> **WHAT IS NEEDED**:
Below are records with pictures in them. Transcribe everything from the line containing "VIEW OF THE" down to the line containing "Podczas przemarszu na plac szkolny.", exactly, and leave the pictures behind.

> **EXERCISE MATERIALS**:
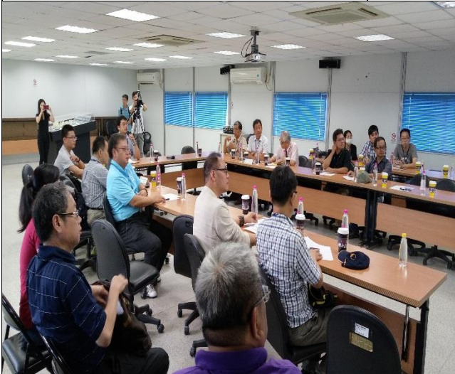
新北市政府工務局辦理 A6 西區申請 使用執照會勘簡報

--

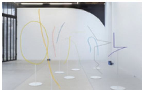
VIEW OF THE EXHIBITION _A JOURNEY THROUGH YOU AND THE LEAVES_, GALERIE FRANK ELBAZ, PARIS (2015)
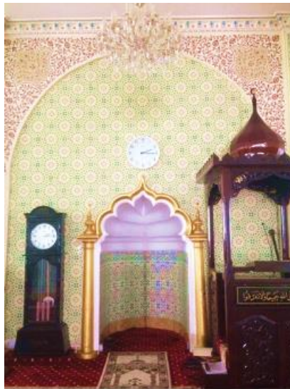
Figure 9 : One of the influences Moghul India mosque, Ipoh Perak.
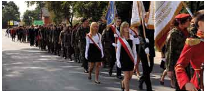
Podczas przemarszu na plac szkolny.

> **TASK ANSWER**:
VIEW OF THE EXHIBITION _A JOURNEY THROUGH YOU AND THE LEAVES_, GALERIE FRANK ELBAZ, PARIS (2015)
Figure 9 : One of the influences Moghul India mosque, Ipoh Perak.
Podczas przemarszu na plac szkolny.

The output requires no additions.